This calls for a verbatim copy of all the data, with no images carried over.

* Provided material *
━━━━━━

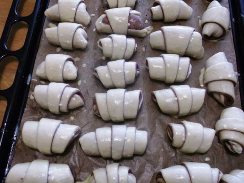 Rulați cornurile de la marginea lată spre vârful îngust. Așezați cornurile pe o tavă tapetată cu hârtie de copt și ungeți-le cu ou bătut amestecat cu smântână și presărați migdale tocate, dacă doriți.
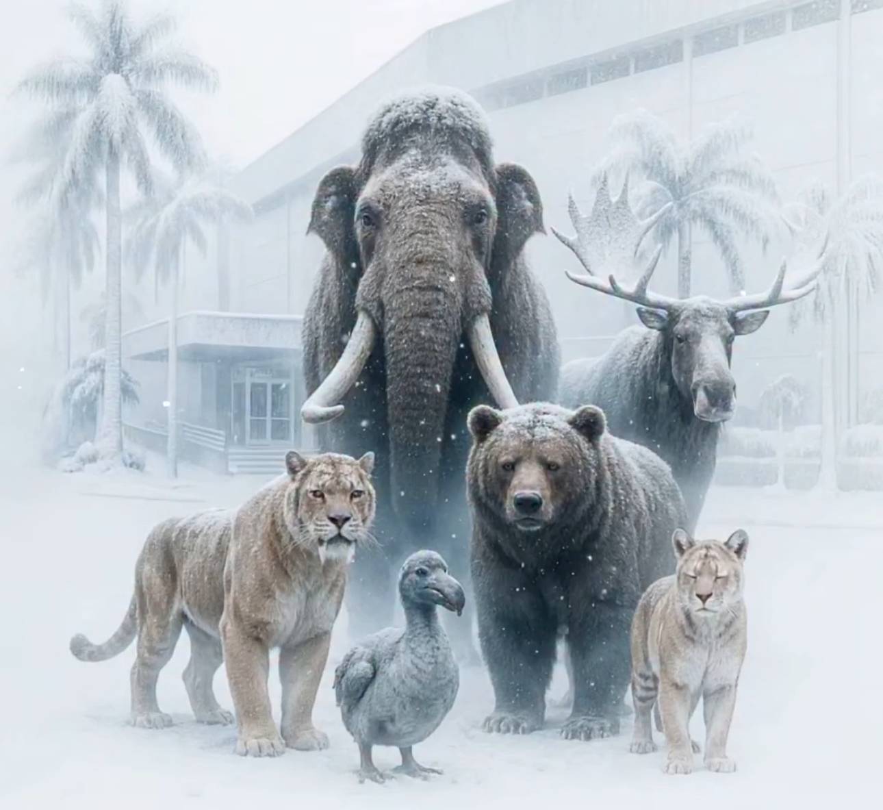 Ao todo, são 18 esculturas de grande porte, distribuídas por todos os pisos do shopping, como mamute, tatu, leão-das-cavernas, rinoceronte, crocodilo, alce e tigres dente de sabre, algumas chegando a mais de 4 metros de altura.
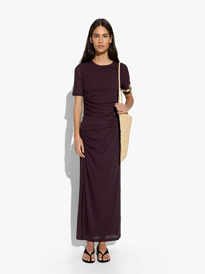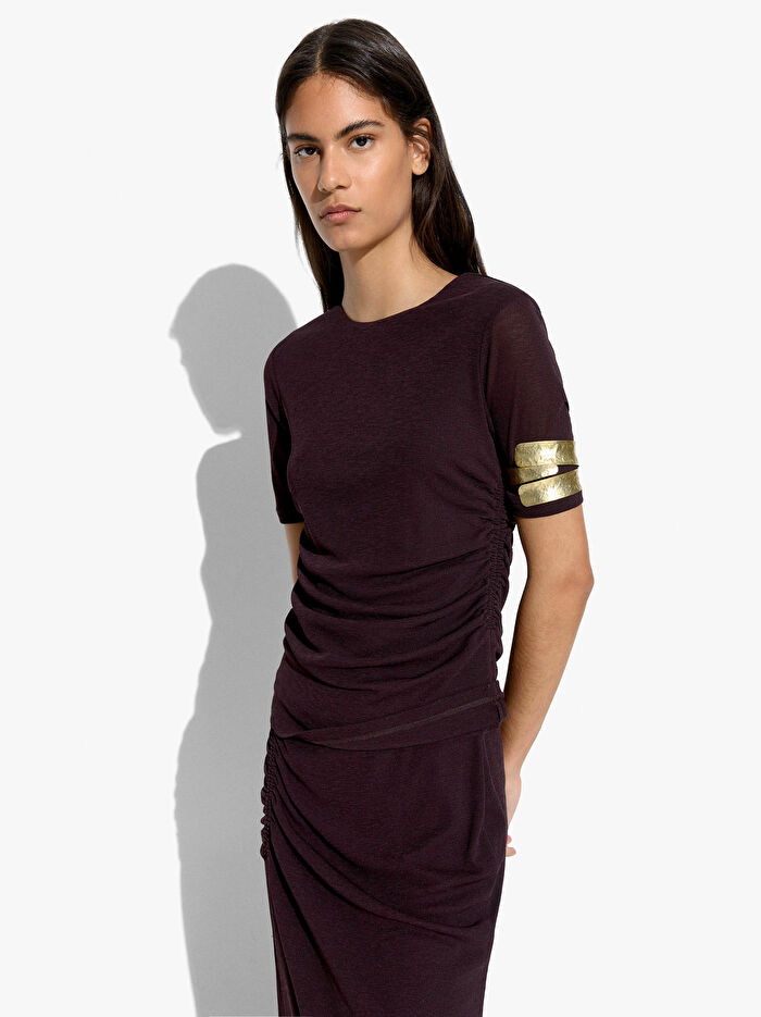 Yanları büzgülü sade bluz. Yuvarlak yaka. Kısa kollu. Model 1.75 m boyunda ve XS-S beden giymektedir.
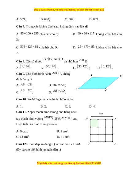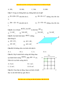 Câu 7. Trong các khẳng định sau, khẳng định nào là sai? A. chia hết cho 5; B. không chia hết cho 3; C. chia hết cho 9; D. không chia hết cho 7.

━━━━━━

* Output for this exercise *
 Rulați cornurile de la marginea lată spre vârful îngust. Așezați cornurile pe o tavă tapetată cu hârtie de copt și ungeți-le cu ou bătut amestecat cu smântână și presărați migdale tocate, dacă doriți.
 Ao todo, são 18 esculturas de grande porte, distribuídas por todos os pisos do shopping, como mamute, tatu, leão-das-cavernas, rinoceronte, crocodilo, alce e tigres dente de sabre, algumas chegando a mais de 4 metros de altura.
 Yanları büzgülü sade bluz. Yuvarlak yaka. Kısa kollu. Model 1.75 m boyunda ve XS-S beden giymektedir.
 Câu 7. Trong các khẳng định sau, khẳng định nào là sai? A. chia hết cho 5; B. không chia hết cho 3; C. chia hết cho 9; D. không chia hết cho 7.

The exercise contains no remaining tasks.